Method		$\mathit{\alpha }$	$\mathit{\beta }$	$\mathit{\theta }$	$\mathit{\lambda }$
MLE	estimates	0.2145	0.1057	3.2053	2.2749
	SE	0.1081	0.0346	0.7106	1.1533
	Lower	0.1897	0.0571	2.8219	0.2459
	upper	0.2393	0.1543	3.5887	4.3039
Bayes	estimates	0.2144	0.1057	3.2053	2.2745
	SE	0.0050	0.0039	0.0355	0.0866
	Lower	0.2048	0.0984	3.1342	2.1021
	upper	0.2242	0.1137	3.2757	2.4367

Figure 26. Contour plot for parameters of $TLMW$ model for single carbon fibers.

Figure 27. MCMC plots for parameters of $TLMW$ model for single carbon fibers.
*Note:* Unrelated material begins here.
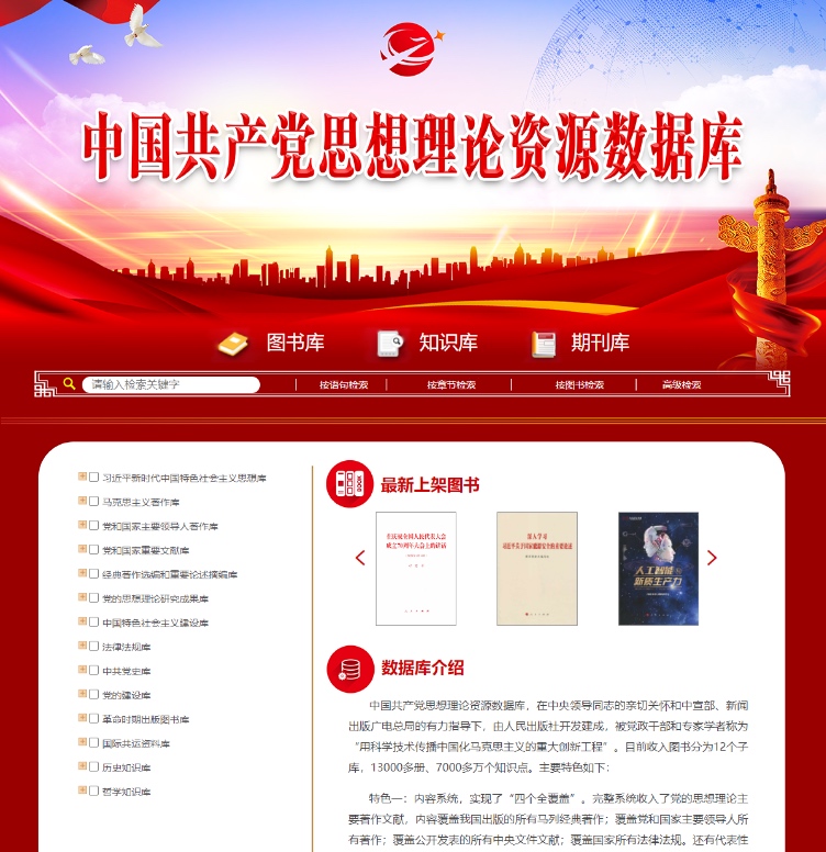 中国共产党思想理论资源数据库,收入图书分为14个子库,16000多册、7000多万个知识点。内容系统收入党的思想理论主要著作文献,覆盖我国出版的马列经典著作,覆盖党和国家主要领导人著作,覆盖公开发表的中央文件文献,覆盖国家法律法规。

Figure 28. ACF test plots for parameters of $TLMW$ model for single carbon fibers.

7. Conclusions

In this paper, a four-parameter family of distributions called the Topp–Leone modified Weibull distribution ($TLMW$) is introduced. Some of its statistical and reliability features are derived. The $TLMW$ density function can decreasing, uni-modal and right skewed but, its hazard rate function can be decreasing, increasing, J-shaped, U-shaped and bathtub. Therefore, it can be used quite effectively in analyzing lifetime data. Three different methods of estimation as; maximum likelihood, maximum product spacing and Bayesian methods are used to estimate the model parameters. Additionally, the $TLMW$ model can be used as a substitute for many known distributions and in some cases it can provide better results (with respect to model fitting) than the models considered in the paper. The flexibility of this distribution is evaluated by applying it to four real data sets and comparing it to various other distributions. The findings of the tables and figures show that the suggested model regularly outperforms other competitor models for these four data sets as COVID-19 data, survival rates Guinea Pigs, Waiting times of service of 100 bank customers, and Tensile strength for single carbon fibres (in GPa). Finally, the $TLMW$ distribution will attract a broader range of applications, including medical, engineering, and social sciences, among others.